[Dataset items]
■ ■ ■ ■ ■

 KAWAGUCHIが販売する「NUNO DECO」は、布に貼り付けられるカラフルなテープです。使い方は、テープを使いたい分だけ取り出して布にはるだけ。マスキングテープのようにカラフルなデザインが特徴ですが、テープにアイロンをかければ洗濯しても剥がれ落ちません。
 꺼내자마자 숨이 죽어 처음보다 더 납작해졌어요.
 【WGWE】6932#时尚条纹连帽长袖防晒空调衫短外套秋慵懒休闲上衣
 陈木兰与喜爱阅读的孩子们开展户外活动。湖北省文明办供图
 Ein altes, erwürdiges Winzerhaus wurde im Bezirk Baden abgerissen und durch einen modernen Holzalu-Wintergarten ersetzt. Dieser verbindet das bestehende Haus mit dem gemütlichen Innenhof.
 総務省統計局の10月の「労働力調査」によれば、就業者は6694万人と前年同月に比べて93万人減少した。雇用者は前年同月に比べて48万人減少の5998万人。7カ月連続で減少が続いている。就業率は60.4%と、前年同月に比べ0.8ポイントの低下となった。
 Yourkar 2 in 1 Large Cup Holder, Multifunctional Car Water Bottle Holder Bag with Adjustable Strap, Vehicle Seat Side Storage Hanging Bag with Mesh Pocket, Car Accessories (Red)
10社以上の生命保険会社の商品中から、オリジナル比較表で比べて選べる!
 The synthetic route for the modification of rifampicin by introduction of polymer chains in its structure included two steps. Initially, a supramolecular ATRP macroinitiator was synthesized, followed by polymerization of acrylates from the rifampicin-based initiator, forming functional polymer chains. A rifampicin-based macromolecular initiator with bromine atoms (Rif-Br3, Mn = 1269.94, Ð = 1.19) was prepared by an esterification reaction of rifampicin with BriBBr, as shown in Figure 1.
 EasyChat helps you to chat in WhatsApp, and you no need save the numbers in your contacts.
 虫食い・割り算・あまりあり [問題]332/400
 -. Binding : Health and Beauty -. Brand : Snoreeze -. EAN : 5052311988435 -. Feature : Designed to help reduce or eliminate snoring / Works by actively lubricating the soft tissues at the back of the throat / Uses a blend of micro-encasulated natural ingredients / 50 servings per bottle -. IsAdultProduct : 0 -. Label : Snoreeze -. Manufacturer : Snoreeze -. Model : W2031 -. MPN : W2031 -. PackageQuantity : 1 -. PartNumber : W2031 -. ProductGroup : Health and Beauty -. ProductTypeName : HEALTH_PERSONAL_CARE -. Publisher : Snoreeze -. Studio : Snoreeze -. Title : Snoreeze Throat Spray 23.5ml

■ ■ ■ ■ ■

» PROMPT
Word for word, restate the entries from the first line to the line that has "陈木兰与喜爱阅读的孩子们开展户外活动。湖北省文明办供图", both included, and nothing else.

» EXERCISE RESULT
 KAWAGUCHIが販売する「NUNO DECO」は、布に貼り付けられるカラフルなテープです。使い方は、テープを使いたい分だけ取り出して布にはるだけ。マスキングテープのようにカラフルなデザインが特徴ですが、テープにアイロンをかければ洗濯しても剥がれ落ちません。
 꺼내자마자 숨이 죽어 처음보다 더 납작해졌어요.
 【WGWE】6932#时尚条纹连帽长袖防晒空调衫短外套秋慵懒休闲上衣
 陈木兰与喜爱阅读的孩子们开展户外活动。湖北省文明办供图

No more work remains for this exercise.